En 2011, John Demjanjuk, un garde nazi ukrainien ayant officié entre autres dans les camps de concentration de Sobibor et de Treblinka, est condamné par la justice allemande pour crimes de guerre et contre l’humanité. Son cas établi un précédent : c’est la jurisprudence Demjanjuk. Avant, seuls les nazis les plus hauts placés devaient craindre la justice. Désormais, même les rouages du système concentrationnaire nazi doivent répondre de leurs crimes. L’Allemagne s’est alors lancée dans une véritable course contre la montre pour traquer les derniers nazis encore en vie, tous nonagénaires. Une action symbolique, qui intervient dans un contexte de résurgence de l’extrême-droite, du racisme et de l’antisémitisme en Allemagne.

« Si j’en avais eu la possibilité, j’aurais quitté mon service »

Après la guerre, Bruno Dey a pu mener une vie paisible, sans être inquiété par son passé : il est devenu boulanger à Hambourg, où il s’est marié et a eu deux filles. Lundi 20 juillet 2020, 75 ans après la fin de la guerre, Bruno Dey s’est certes excusé, lors de ses derniers mots à la cour après des mois de procès, mais il refuse d’endosser la responsabilité pour les crimes qui ont été commis autour de lui : « J’aimerais souligner que jamais je n’aurais rejoins les SS ou toute autre unité, particulièrement dans un camp de concentration. Si j’en avais eu la possibilité, j’aurais quitté mon service ». D’après son avocat, Dey a seulement compris l’ampleur des atrocités commises autour de lui en entendant les témoignages des victimes. Il reconnaît cependant avoir vu des cadavres et entendu des cris venus des chambres à gaz. Ces excuses ne satisfont pas les victimes: Marek Dunin-Wasowicz, un survivant du camp de Stutthof, vit aujourd’hui à Varsovie: « Je suis sans voix ; je ne veux pas de ses excuses, je n’en ai pas besoin! ».

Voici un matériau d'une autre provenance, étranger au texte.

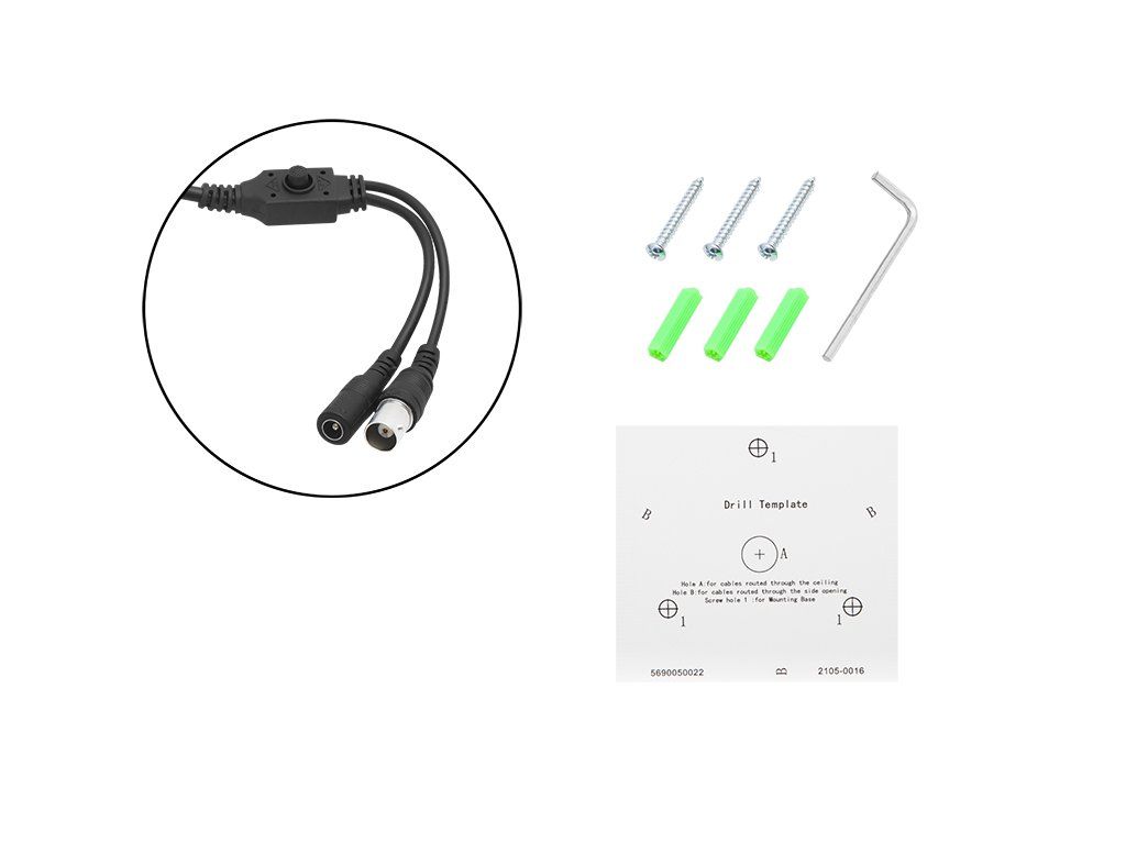 Predná časť kamery je vyhotovená z kovu, čo prispieva k vyššej odolnosti a lepšej ochrane v náročnejších podmienkach. Plastová noha uľahčuje montáž a nastavenie smeru kamery.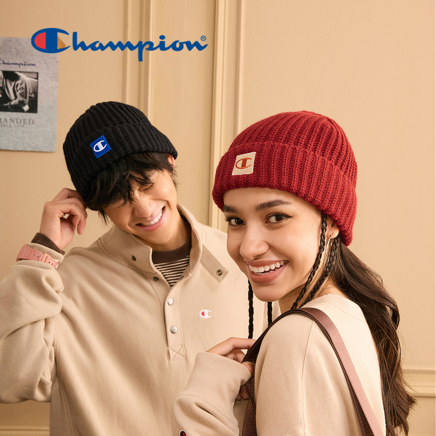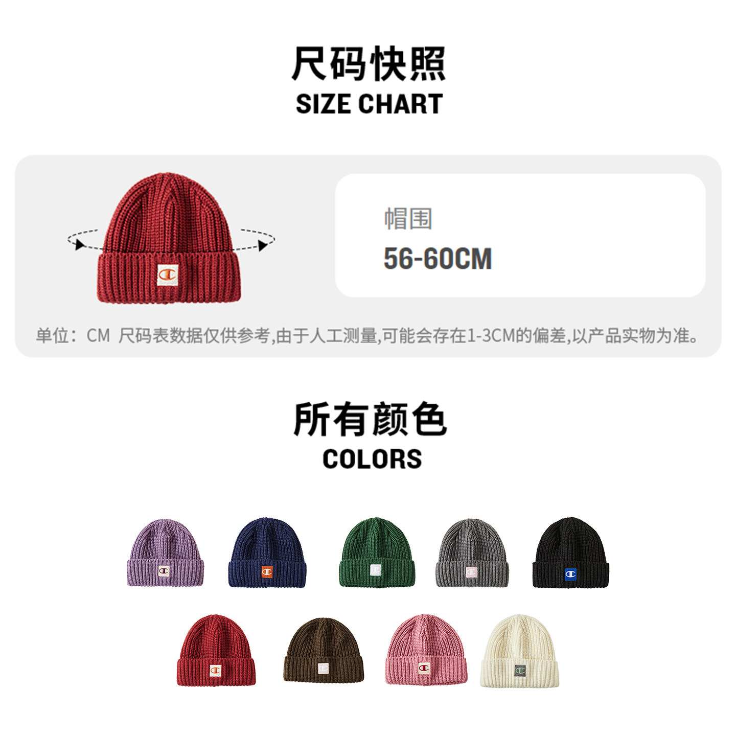 champion冠军25秋季新品针织帽纯色冬帽保暖冷帽男女新年红帽子

Comme le garde nazi était mineur au moment des faits, il comparaît devant le tribunal pour mineurs de Hamburg. Le parquet a requis 3 ans d’emprisonnement à son encontre. Une condamnation symbolique, en regard de la gravité des crimes commis, mais l’avocat de Bruno Dey réclame l’acquittement. Selon lui, son client ne survivrait pas à un séjour en prison, en raison de son grand âge.

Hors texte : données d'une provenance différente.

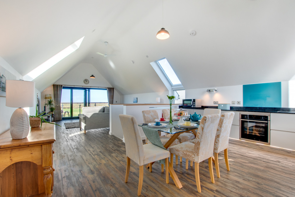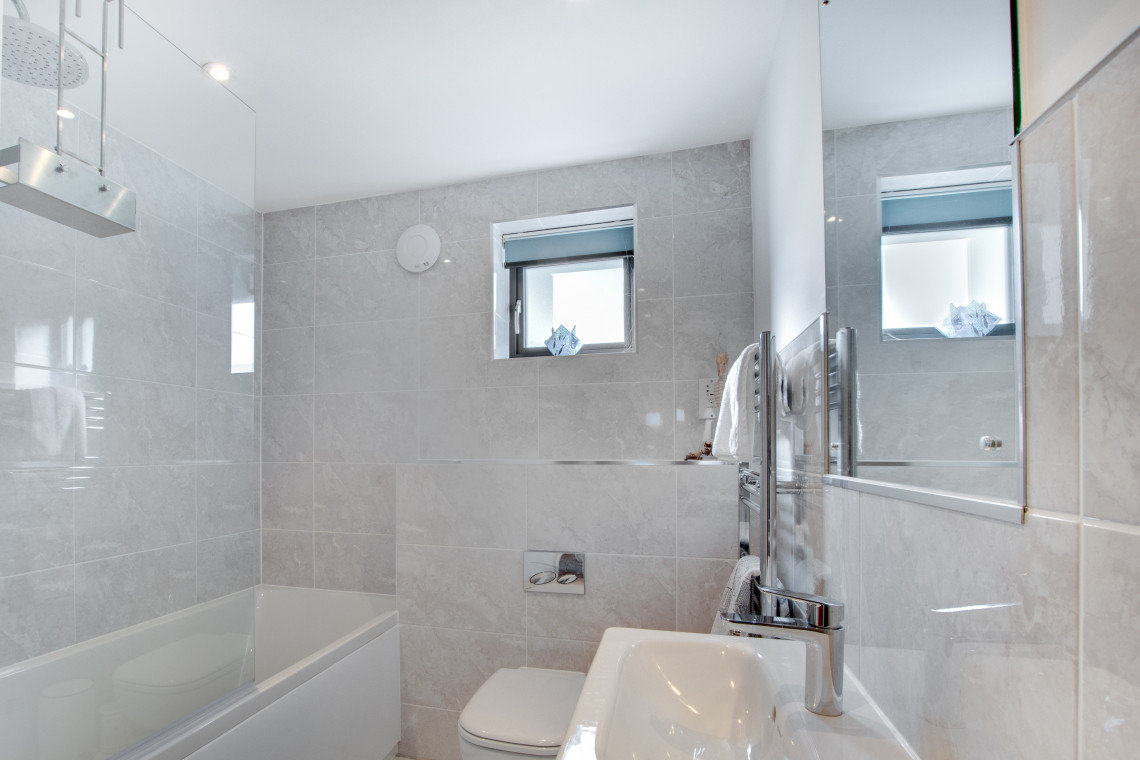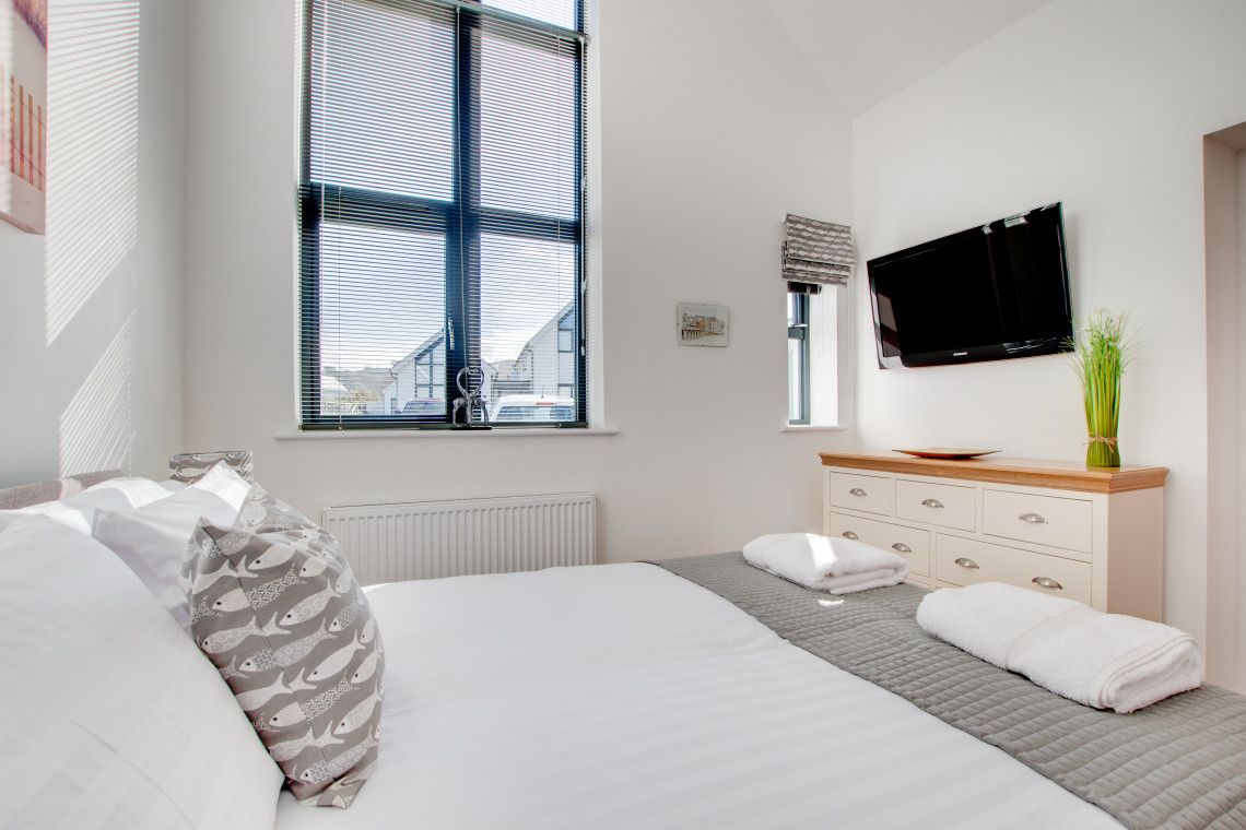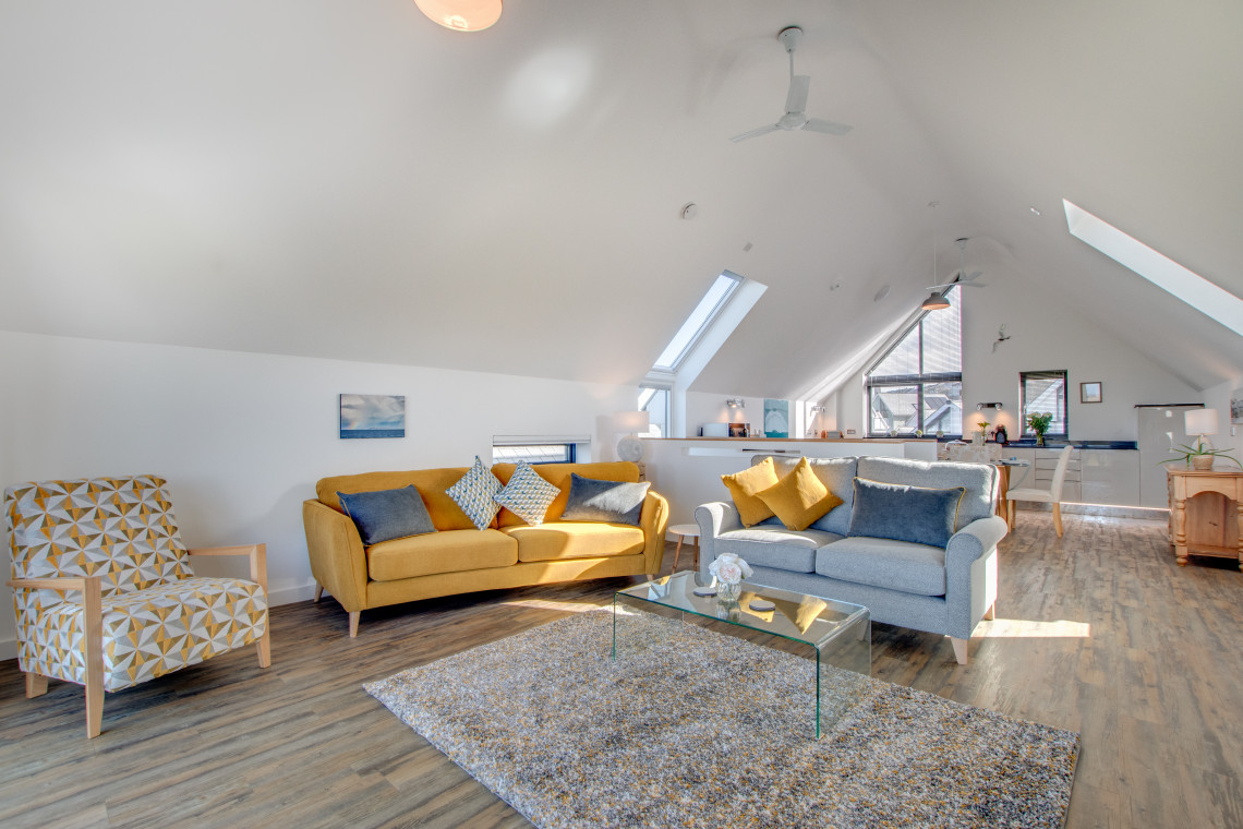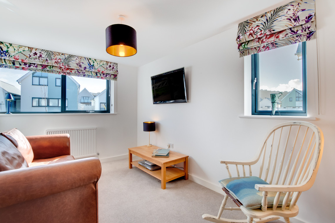 - Rooms: 3 bedrooms, 2 en suites with shower, washbasin, heated towel rail and WC. Snug with TV. Family bathroom with bath, shower over bath, WC, basin. Kitchen/ lounge/ dining area with seating, dining table, French doors to balcony with bistro seating.

En 1934, dix ans avant que Bruno Dey ne commence à officier au camp de Stutthof, Albert Einstein écrivait dans Comment je vois le monde : « Le monde ne sera pas détruit par ceux qui font le mal, mais par ceux qui les regarde sans rien faire ». Que Dey ait lui-même roué de coups, exécuté des prisonniers, ou assisté passivement à la barbarie nazie, son statut de simple rouage ne lui a pas assuré l’impunité dont il a joui pendant toute sa vie. Aujourd’hui, Bruno Dey doit répondre de ses crimes, et le verdict symbolique de son procès s’inscrira dans le processus de travail de mémoire et d’expiation de ses crimes par l’Allemagne. La justice allemande tranchera, et accordera ou non la clémence à l’ancien garde SS, une clémence dont les millions de victimes des camps nazis n’ont jamais pu bénéficier de la part de leurs bourreaux.